Physics – Atomic Physics
Scientific paper
Mar 2004
adsabs.harvard.edu/cgi-bin/nph-data_query?bibcode=2004mfsku..45...47y&link_type=abstract
Memoirs of the Faculty of Science, Kyoto University, Series of Physics, Astrophysics, Geophysics and Chemistry, (ISSN 0368-9689)
Physics
Atomic Physics
Atomic Physics
Scientific paper
Ionization property of highly excited Rydberg states of rubidium 85 under a rotating electric field has been investigated experimentally and theoretically. In the experiment, manifold states whose principal quantum number 112 ≤ n ≤ 137 have been directly populated by a two-step laser excitation and ionized by a pulsed electric field. The pulsed electric field has been reversed through zero field and increased to ionize the Rydberg atoms. We have applied an additional static field perpendicular to the pulsed field to rotate the total electric field vector around zero field.
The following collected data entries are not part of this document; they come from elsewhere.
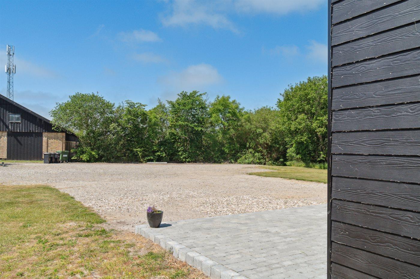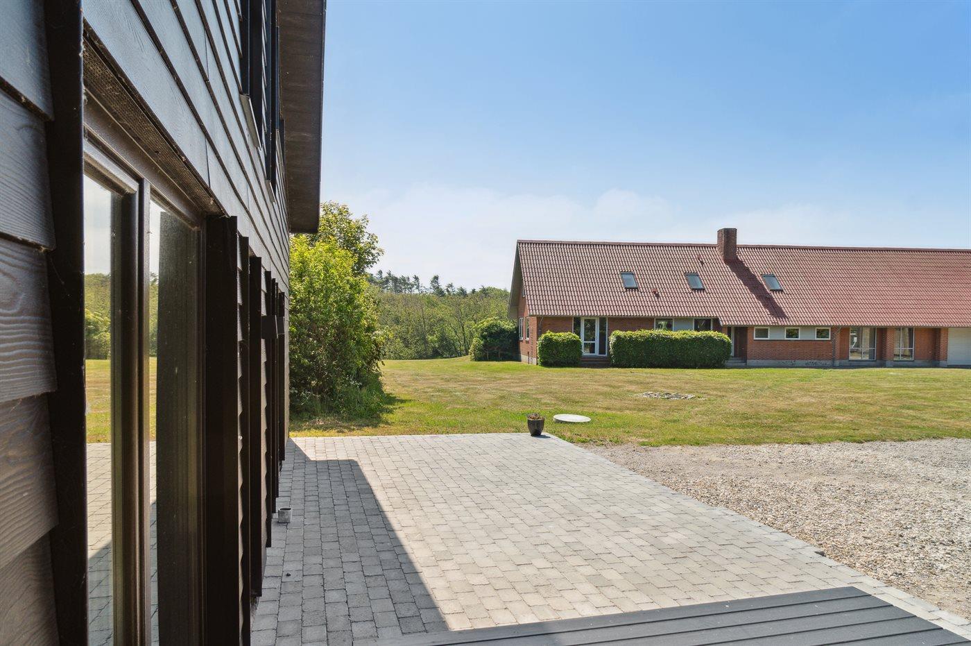 Ferieboligen er beliggende på en 10000 m² stor naturgrund. Der er 300 m til fjorden. Nærmeste forretning er beliggende i en afstand af 5000 m. Der er en golfbane i en afstand af 20000 m. Til ferieboligen hører 70 m² terrasseareal. Desuden er der 30 m² overdækket terrasse. Gynge. Trampolin. Fodboldmål. Bålsted. Grill til rådighed. Parkering ved ferieboligen.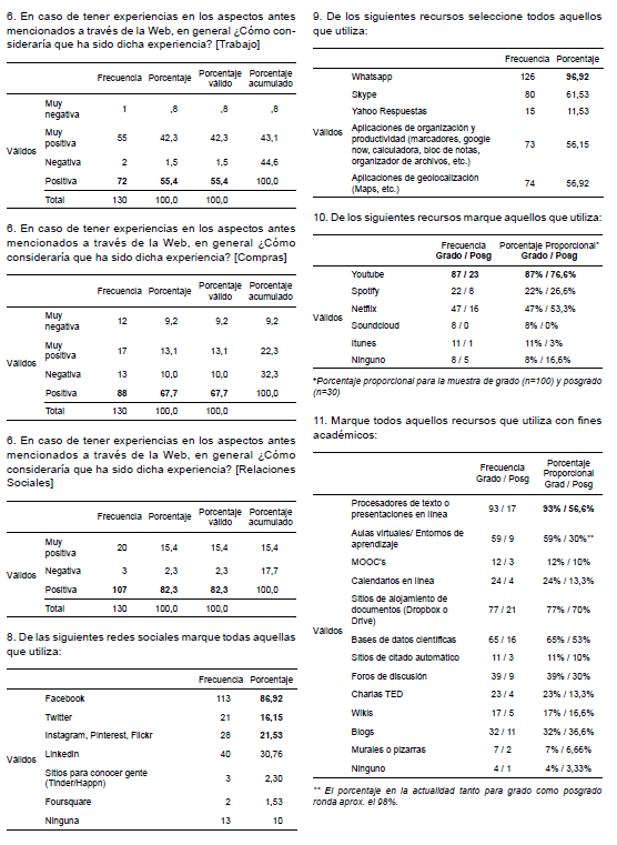 En las entrevistas cualitativas se observa una utilización marcadamente menos resistencial a distintas implementaciones y posibilidades. Los docentes refieren un uso más amplio de la tecnología siendo casi un imperativo que aparece en los discursos la incorporación de distintos recursos para favorecer los aprendizajes en los diferentes contextos de estudio (estudiantes del interior de Argentina o extranjeros, mayor flexibilidad en función de “profesionales” que tienen compromisos laborales, etc.)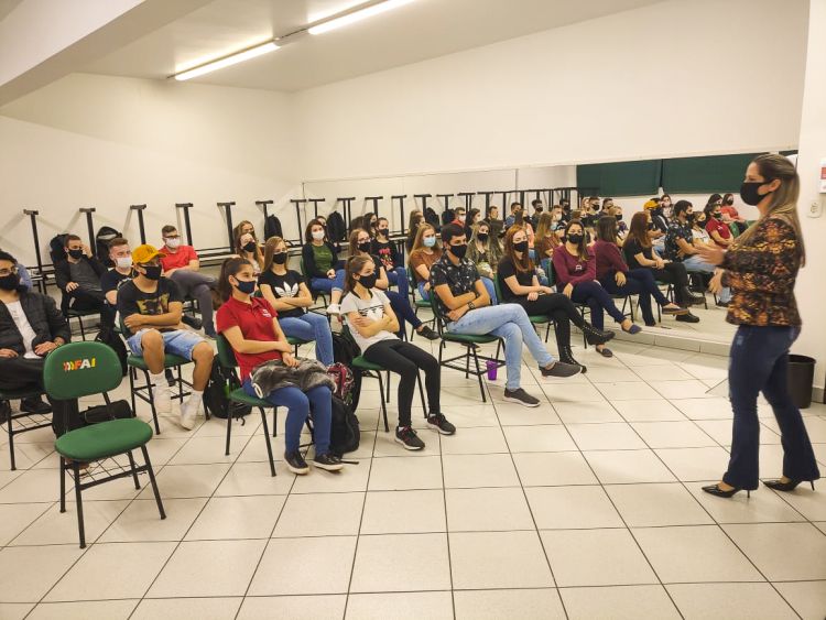 Com a finalidade de trazer vivências do dia-a-dia para o contexto de sala de aula, a professora Camila Paulus Link promoveu bate-papo dos acadêmicos do 2º semestre de Administração e Ciências Contábeis com a psicóloga Laís Jaeger. De acordo com a professora, a atividade teve o objetivo de apresentar como o indivíduo e as organizações são influenciadas com o comportamento humano ou com as mudanças comportamentais, sendo necessário o desenvolvimento de processos motivacionais tanto em grupos como de forma individualizada.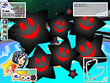 | アイテムによる攻撃の数々。爆弾を投げられたり,氷漬けにされたり,カエルに取り囲まれて飛び跳ねさせられたり…… | ||

Applying the perpendicular field, we have observed the increase of the fraction of the tunneling ionization process and the broadening of the width of its ionization peak in the ionization spectra. The n and slew rate dependence of the fraction of the tunneling ionization has also been measured. The fraction is almost flat with n ranging from 112 to 137 and decreases slightly with the increasing slew rate of the pulsed electric field. In the theoretical simulations, we have performed two calculations of (1) transition probability between states with different magnetic quantum number ml during the electric field rotation and (2) time evolution of the states with each ml on the Stark map under the ramped field after the field rotation. These two calculations have been combined to obtain the fraction of the tunneling ionization, which has been compared with the experimental results in the present study. The theoretical results are in good agreement with the experimental ones, which demonstrates the redistribution of ml and the position in the manifold by the field rotation. From the viewpoint of application, the increase of the tunneling process by the field rotation gives the improvement of the efficiency of selective field ionization. In the present work, we have found that the fraction of the tunneling ionization can be increased to over 0.9 by the field rotation.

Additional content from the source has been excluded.